It was intriguing that although both anodic and planktonic communities of cluster II and cluster III (EDC+WW and WW, respectively) were taxonomically similar, each system exhibited a substantially different startup time (Fig. 4A and B). This fundamental difference was hypothesized to occur already at early time points due to specific interactions between the planktonic community and EDC precolonizers on the anode surface of EDC+WW. Specific planktonic community assembly processes occurred at very early time points in MFCs pretreated with EDC, which subsequently affected their corresponding anodic community structure and startup time. Exclusively, while phylogenetic diversity index was similar, the Shannon diversity index of bacterial communities on the clean anode samples was significantly higher than those of the EDC-precolonized anode surface (P < 0.05, t test) (Fig. 6A). The planktonic community dynamics changed over time, but only on day 3, beta-diversity analyses showed differences between the two treatments (Fig. 5C). This observation was in agreement with the differences in alpha diversity change with time of the planktonic community (Fig. 6B). Remarkably, the time the bioreactors (EDC augmented) took to reach maximal current density was between 2.2 and 5.7 days (3.8 ± 1.4 days) (Fig. 4B), coinciding with the observed planktonic community divergence on day 3. Overall, these results indicate that specific planktonic community assembly processes occurred at very early time points in MFCs pretreated with EDC, which subsequently affected their corresponding anodic community structure and startup time. Finally, once steady-state conditions were achieved, the planktonic communities of both treatments converged to similar bacterial communities (Fig. 6B).

FIG 6

(A) Alpha diversity for anode-attached communities in the MFCs of two groups: augmented anodes (EDC+WW) and control nonaugmented anodes (WW). (B) Temporal dynamics of the planktonic communities of the same two groups. The last time point is SS, indicating the time at which steady-state current production was achieved. For the WW group, this time was significantly longer than for EDC+WW, as explained in the main text.

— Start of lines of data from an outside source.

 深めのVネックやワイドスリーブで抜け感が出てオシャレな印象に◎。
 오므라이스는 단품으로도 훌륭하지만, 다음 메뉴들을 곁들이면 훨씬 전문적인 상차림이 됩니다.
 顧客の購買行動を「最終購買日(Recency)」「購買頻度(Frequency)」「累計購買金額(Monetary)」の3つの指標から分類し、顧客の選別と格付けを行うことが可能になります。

To explain the observed differences between EDC+WW and WW samples, DESeq2 was used to identify differentially abundant amplicon sequences in the EDC+WW group (positive fold change) compared to those in the WW group (negative fold change indicates operational taxonomic units [OTUs] enriched in WW). Anode and planktonic samples were analyzed separately. At the anode, 49 OTUs were significantly enriched in samples EDC+WW compared to that in WW (false-discovery rate [FDR] < 0.01) (Fig. 7A; see also Table S1). Comparing the planktonic sequences of day 1 showed that only one OTU was significantly enriched in EDC+WW (member of Flavobacteriia); subsequently, on day 3, this same OTU became more abundant in the WW planktonic community and was replaced by a different OTU (member of Sphingobacteriia) in the EDC+WW planktonic community (Fig. 7B). In steady state, 63 OTUs were significantly enriched or depleted in the EDC+WW planktonic community (Fig. 7B; Table S1), in which Alphaproteobacteria, Clostridia, and Flavobacteriia were the most abundant groups.

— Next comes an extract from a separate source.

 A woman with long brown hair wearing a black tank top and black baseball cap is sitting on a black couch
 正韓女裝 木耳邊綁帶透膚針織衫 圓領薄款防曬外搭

To obtain a higher taxonomic resolution of the established anodic biofilm and the differences between clusters I to III, as well as discover potential functional genes that they harbor, six representative anode samples were sequenced via shotgun metagenomics, and the obtained reads were assigned taxonomic and functional classifications. Indeed, metagenomics data of the six representative anode samples were in agreement with the 16S amplicon sequencing with respect to the most differentially abundant taxonomic groups identified according to DESeq analysis (see Fig. S6) as well as the strong taxonomic association between the EDC+WW and WW anode samples (see Fig. S7). Taxonomic observations of shotgun metagenomics data revealed important differences between clusters I and II (Fig. 8A). First, the most abundant family belonging to Deltaproteobacteria in cluster I was Desulfuromonadaceae, originating from the bioaugmenting consortium, as described above. However, the most abundant family in cluster II was Geobacteraceae, which reached 39% of the total community. In sample EDC+WW, Geobacter lovleyi was the single species that dominated (31%); in WW without an EDC pretreatment, other Geobacteraceae species were more abundant than in other samples.

FIG 8

Heat maps of bacterial taxonomic compositions (A) and KEGG ortholog functions (B). Both heat maps are based on shotgun metagenomics, and clustering of the samples was computed using the Bray-Curtis dissimilarity index. In panel A, the blue star shape is for the two most abundant species found in the EDC enrichment according to 16S amplicon and metagenomics sequencing. Species marked with a red rectangle were found most abundant on the EDC+WW anode surface.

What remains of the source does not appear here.